War is a Terrible and Profitable Thing…

I have started to compile a list of compatriots in the blog war. It is the list right under my regular blogroll. If I have forgotten you, or, if I mistakenly added you when you wish to remain a slave, e-mail me with the subject “WAR!!!”. Remember: The time to choose sides is now. Don’t think you can wait until after we start seeing success and then come strolling on into our alliance.
First off, as said before, we need a name, and a good one. We want the name of our alliance of bloggers to be what people and the media first think of when they hear the word blog.
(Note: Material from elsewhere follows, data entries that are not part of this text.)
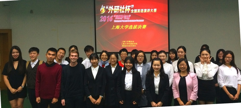 10月19日晚, 2016年"外研社杯"全国老员工英语演讲大赛太阳集团tyc33455选拔赛决赛在J101顺利举行。太阳集团tyc33455教务处副处长尹应凯、公司党委副书记曾桂娥及全校120余名师生一同出席比赛现场。本次决赛评委由太阳成集团tyc33455竞赛指导委员会朱巧莲、曾桂娥、陈秀猛、龚萍、邵庆华五位老师和悉尼工商学院外教Benjamin Allen共同组成,来自太阳成集团tyc33455、社区学院、机自学院、理学院、上海电影学院、管理学院等六个学院15名同学展开角逐。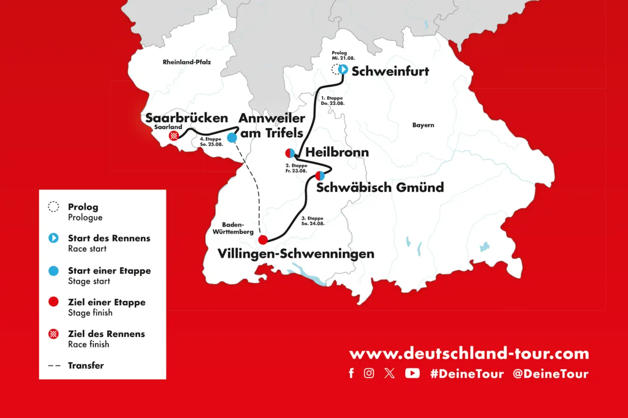 Il percorso del Deutschland Tour 2024 presenta grosso modo la stessa struttura delle ultime edizioni, con il prologo seguito da quattro tappe in linea. Si ritorna però nel complesso ad un disegno più simile a qualche anno fa, con tutte le tappe variamente mosse, senza una vera tappa regina, né tantomeno un arrivo in salita importante come avvenuto nel 2022. Tutte le tappe offrono salite ripide in cui inventarsi qualcosa, ma spesso lontane dal traguardo: vedremo se questo stimolerà la fantasia o se assisteremo a quattro volate a ranghi ristretti.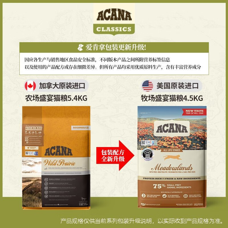 ACANA爱肯拿牧场盛宴猫粮鸡肉成年猫幼猫通用高蛋白粮蓝猫金银渐层4.5kg美国进口 鸡肉 4.5kg 全阶段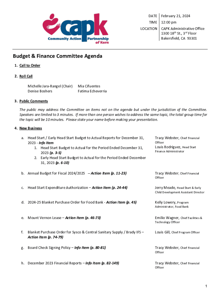 DATE February 21, 2024 TIME 12:00 pm LOCATION CAPK Administrative Office 1300 18th St., 3rd Floor Bakersfield, CA 93301Budget & Finance Committee Agenda 1. Call to Order 2. Roll Call Michelle JaraRangel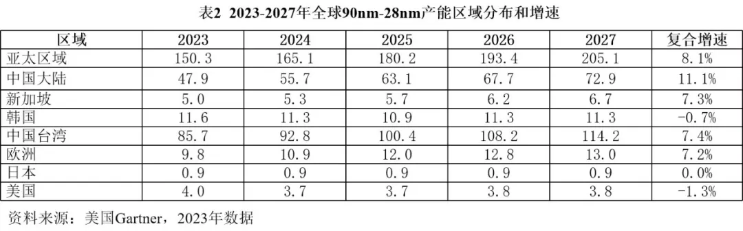 二是我國集成電路產能擴充集中在90納米-28納米工藝節點。根據Gartner數據,2023-2027年我國90納米-28納米成熟工藝代工產能在全部成熟工藝代工產能中擴產規模最快,達到11.1%(見表2)。另外根據美國“集微咨詢”數據,目前我國已經建成和在建的規劃產能基本以90納米-28納米成熟工藝為主。2027年,90納米-28納米成熟工藝產能在我國總產能中占比將達到57.9%。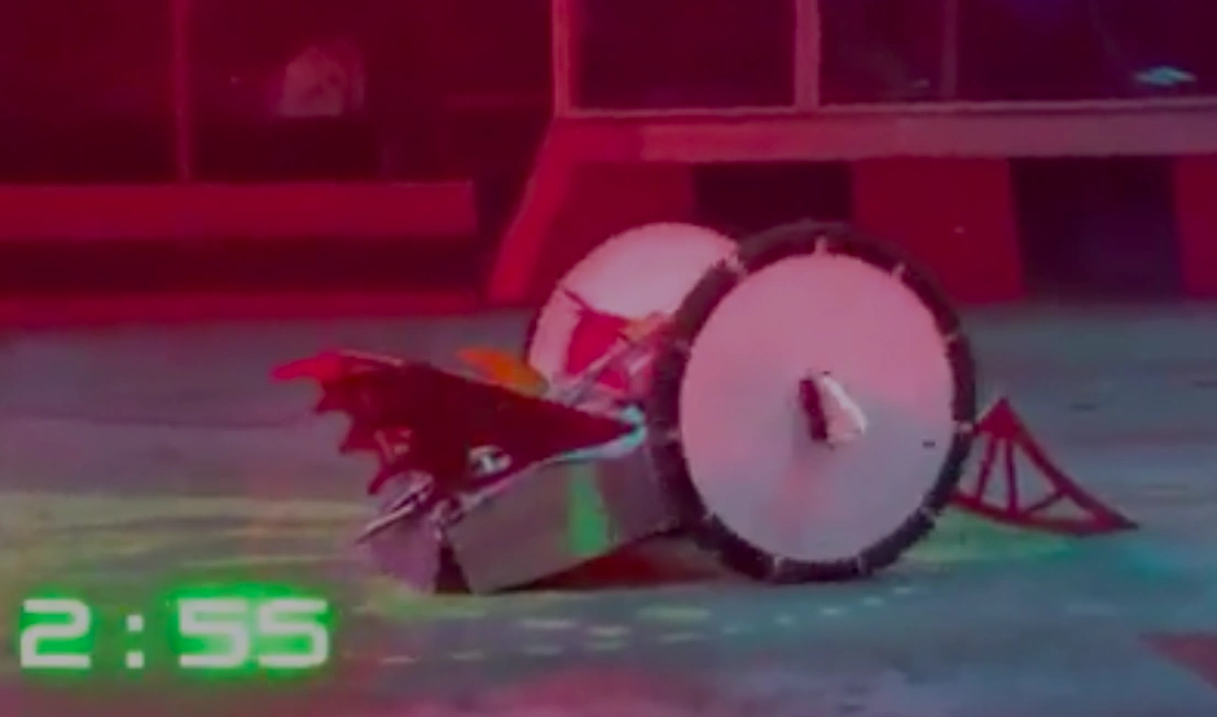 | Sabretooth | Gripping | Series 8 | Uses a single grabbing arm in combination with a steep wedge to grab opponents; the arm was also intended to enable the robot to self-right. Also featured a spinning drum on the other side of the machine. | |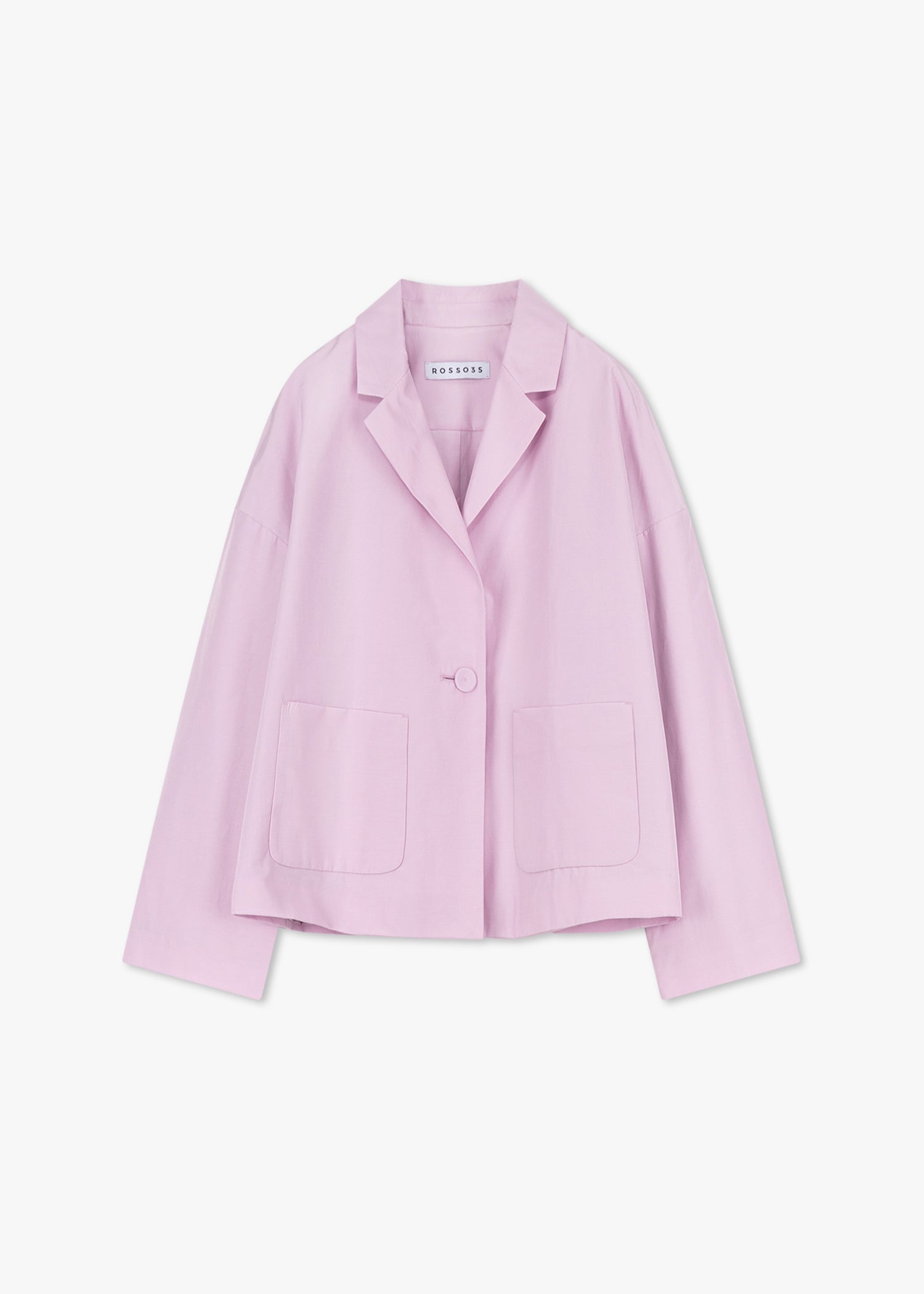 Short blazer from Rosso 35 in shimmering taffeta, with a falling lapel, dropped shoulders, shortened sleeves, two patch pockets, straight hem, and lined finish.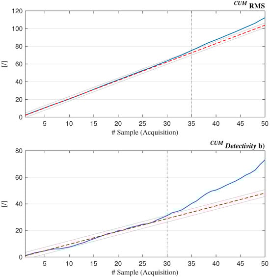 On closer inspection, for zero-mean signals, it is well known that the Activity, i.e., the variance of the signal, is equal to the square of the RMS. Therefore, we can consider only the latter in comparison with the Detectivity. As shown in Figure 12, the trends are plotted alongside reference lines (dashed red), which were constructed by using, as the unit step for the ordinates, the absolute difference between the first two cumulant values. Additionally, boundary lines (solid light gray) are plotted according to the shift of relative to the reference line: the value was selected as sufficient to encompass deviations from linearity that are not indicative of damage (see the Detectivity plot for the period between approximately day 7 and day 15). This allows us to observe, through the vertical lines (dotted black) intersecting the curves at the points where they exit the rails (which can be regarded as the point of incipient anomaly), that in the case of Detectivity, anomaly is detected earlier, on the 30th day of testing, whereas, using the same criterion, the RMS sees the issue five days later.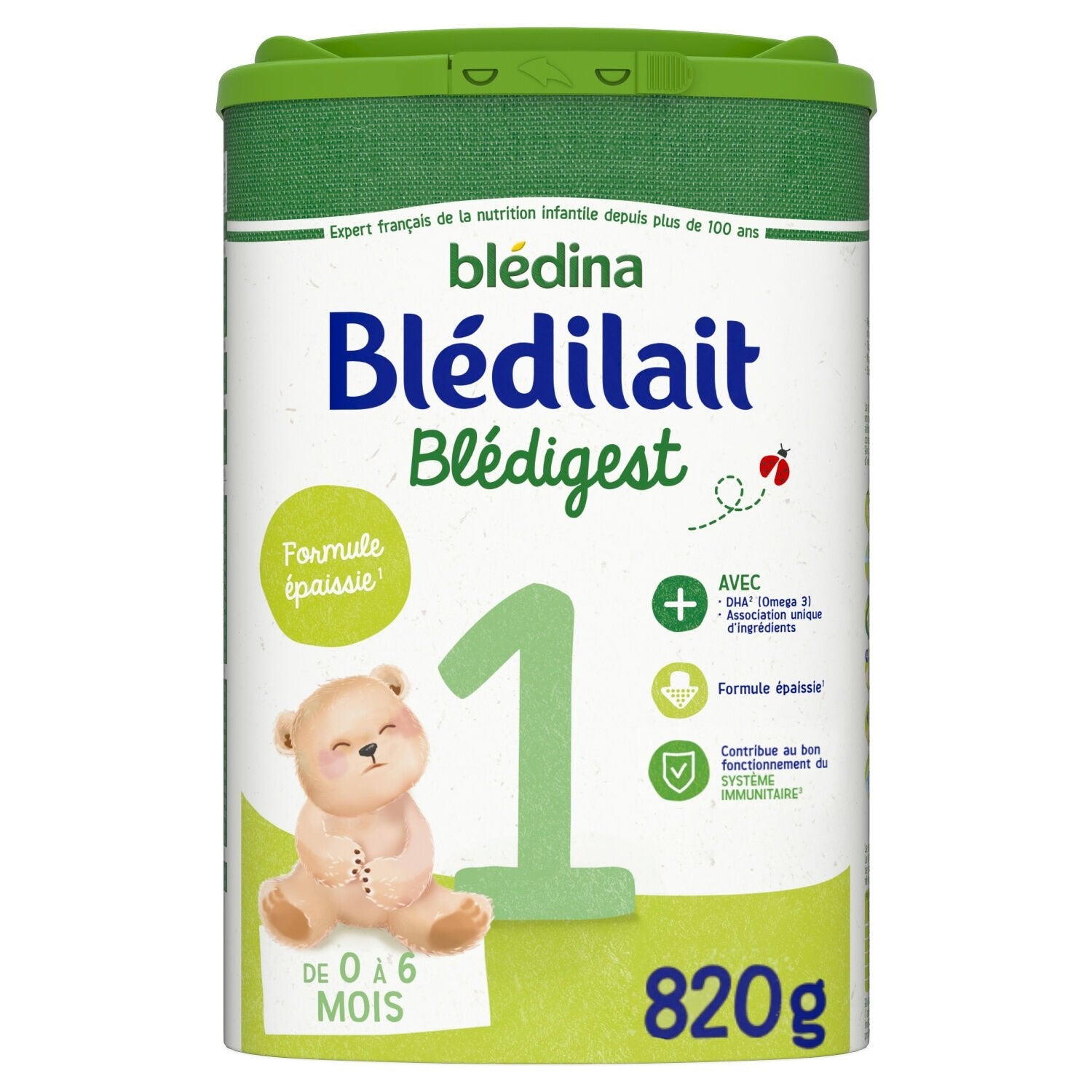 Nos experts en nutrition infantile ont développé BLEDIGEST 1 une formule infantile épaissie * avec tout ce dont bébé a besoin ! (Conformément à la réglementation, comme toutes les préparations pour nourrissons.) Cette formule infantile contient une association unique d'ingrédients et notamment du DHA (Omega 3). Conformément à la réglementation, comme toutes les préparations pour nourrissons. *peut nécessiter l'utilisation d'une tétine adaptée

Here is my suggestion for the name of our alliance of bloggers: The Blogger Alliance.
Discuss it in the comments, but we need a name soon and then a banner for all our pages to display. It should link to a central headquarters where all the alliance names are kept, both those with blogs and those without. Are there any volunteers to make this headquarters, which should start now as a single page? It should be real fancy and professional looking.
I know what is on your minds right now: How do we attack this giant foe? I think us delinking him would accomplish nothing, as the roots of his power comes from his influence from outside the blogosphere. Anyway, we need to keep tabs on him. I think no one in the Alliance should link to him as “Instapundit”, though, and instead choose some other name such as “The Enemy”, “Puppy Blender”, etc.
How we attack is to grab media influence. We need to let the world know there is a blogosphere, a new order in this world, and that there is a war for it. We need the press to hear of the crimes of Glenn Reynolds and know that we, the Alliance, stand for good. Thus, our first plotting must be how to get media attention to our cause. I have my own ideas, but more suggestions are certainly needed.
Here are a few things I need to mention:
* For now, I am leader. Later, that can be decided democratically, but not while in war. I should be known as Frank or Frank J. Any defamation of my name is a defamation of our Alliance and thus of our cause and thus freedom and liberty in general. If you stand for oppression, for dictatorships ruling in Iran and North Korea and the like, then go ahead and call me “Frnak” or “Monkey-boy”. We know where you stand.
* Since we are the real order of the blogging world, I hereby decree that Glenn (not Reynolds) of Hi. I’m Black! will no longer be known as Glenn (not Reynolds). Instead, he will just be known as Glenn. Glenn Reynolds will from now on be known as the Enemy, the puppy blender, or White Glenn.
* It is important that all members of the Alliance bring something unique, thus I wish for each blog to think of its specialty in commentary. This should be listed with the name of each blog in the Alliance headquarters.
* Some fool named Jennifer who, by a majority vote, smells like a monkey (and probably looks like one too, but I don’t have a poll for that), is trying to declare war against me. This only serves the Enemy. I extend an olive branch, though, as there is still time to choose the appropriate side before you are destroyed.
That’s just a few things to start with. The important things to remember for today are that we need to decide on a name, we need someone to make our web headquarters, we need a banner for all blogs in the Alliance to display, and we need to strategize ways to get media attention. I want everyone in the civilized world to know that there is a blogosphere, that it is the new order, and that we are its rulers.
Instapundo Delenda Est!

No Comments

  1. I’m in Ohio, which is kind of by Canada, but since it’s in America it’s automaticly cooler.
    Anyway…I’m in and totally loyal to Frank. The sweetest, cutest blended puppyshake in the world couldn’t shake that bond.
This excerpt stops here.